Scientific discoveries continually improve and shape the foundations of our daily lives. This has again proven true with the discovery of a new metal that allows electrons to flow like liquid filtered through a pipe. Atoms typically move in metal by loose electrons also known as free electrons that group together to form negative charges near the positive charges. In a new study, done by experimental physicists at Boston College, the goal was to find out how electrons can move like liquid inside of a new superconductor called Ditetrelide (NbGe2). It was found that interactions with phonons, small “particles” of heat or vibrational energy, can cause drastic shifts. The new metal is a combination of Germanium and Niobium. It was also noted that with this liquid metal combination, the laws of hydrodynamics could still be obeyed. By interacting with these phonons, the electron-phonon liquid can be created.

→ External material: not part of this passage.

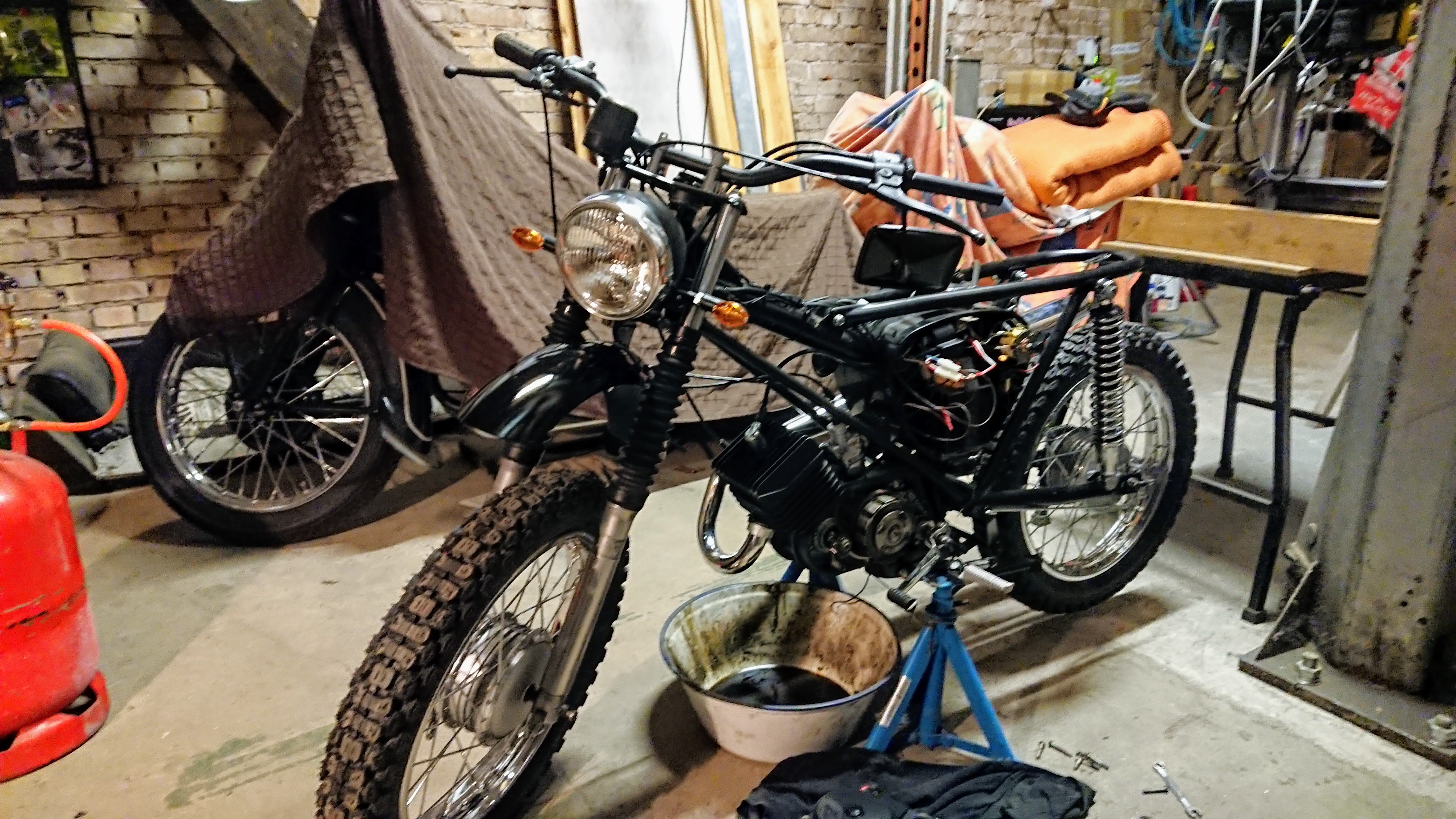 Aber nun mal zum Positiven. Gestern war dann der Tag des ersten Startversuchs. Nach dem dritten Kick lief sie tatsächlich. Lampen, Blinker etc. funktionieren wie sie sollen. Am Vergaser hatte ich lediglich die Hauptdüse getauscht. Die erste Probefahrt verlief vielversprechend. Untenrum passiert noch nicht sehr viel. Bei höheren Drehzahlen geht sie richtig ab. Da ist dann noch Feintuning notwendig. Die Tröte klingt mal richtig geil! Trägt jedoch ziemlich dick auf. Trotz Enduro-Bremshebel ist es ziemlich "umständlich" die Hinterbremse zu betätigen. Da werde ich wohl nochmal das Schweißgerät bemühen müssen und eine Verlängerung anbringen.
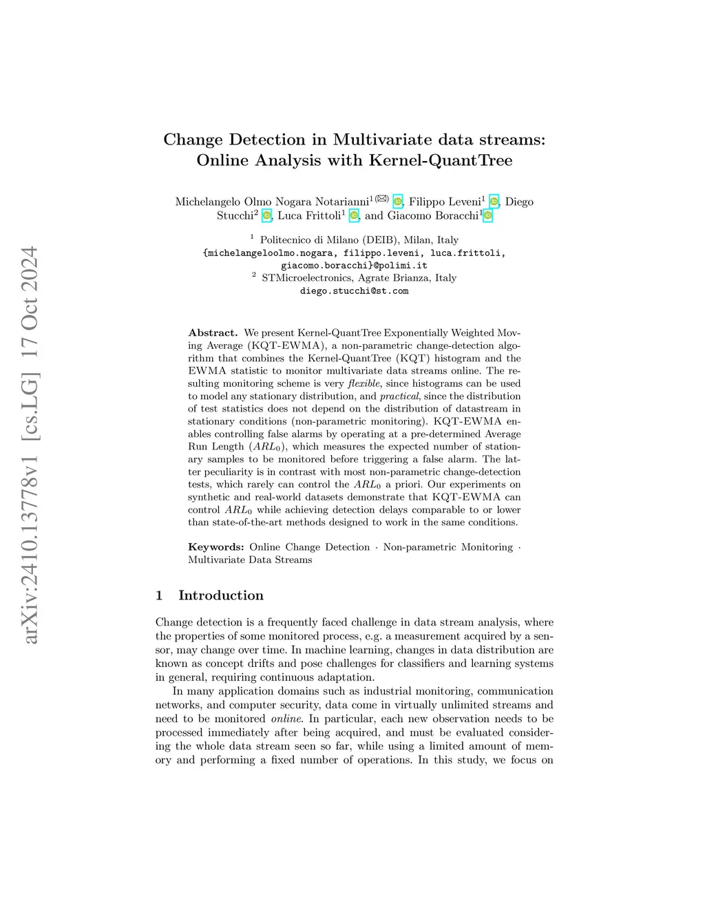 We present Kernel-QuantTree Exponentially Weighted Moving Average (KQT-EWMA), a non-parametric change-detection algorithm that combines the Kernel-QuantTree (KQT) histogram and the EWMA statistic to monitor multivariate data streams online. The resulting monitoring scheme is very flexible, since histograms can be used to model any stationary distribution, and practical, since the distribution of test statistics does not depend on the distribution of datastream in stationary conditions (non-parametric monitoring). KQT-EWMA enables controlling false alarms by operating at a pre-determined Average Run Length (), which measures the expected number of stationary samples to be monitored before triggering a false alarm. The latter peculiarity is in contrast with most non-parametric change-detection tests, which rarely can control the a priori. Our experiments on synthetic and real-world datasets demonstrate that KQT-EWMA can control while achieving detection delays comparable to or lower than state-of-the-art methods designed to work in the same conditions.

Three different methods were used to study the metal to give it a more scientific breakdown. Electrical resistance testing was able to display high mass electrons. Raman scattering showed different levels of vibration in the Ditetrelide (NbGe2) due to the differential flow in the electrons. The final method was x-ray diffraction showing in detail the structure of the metal. With further experimentation, the electron mass was found to be three times larger than initially predicted.
Sometime soon, it is hoped that Ditetrelide (NbGe2) can be used in new medical devices, and even portable patches. Lenox Laser congratulates all involved from Boston College on their findings in this new research study. We hope that this new metal can provide wonderful and innovative technologies in the future.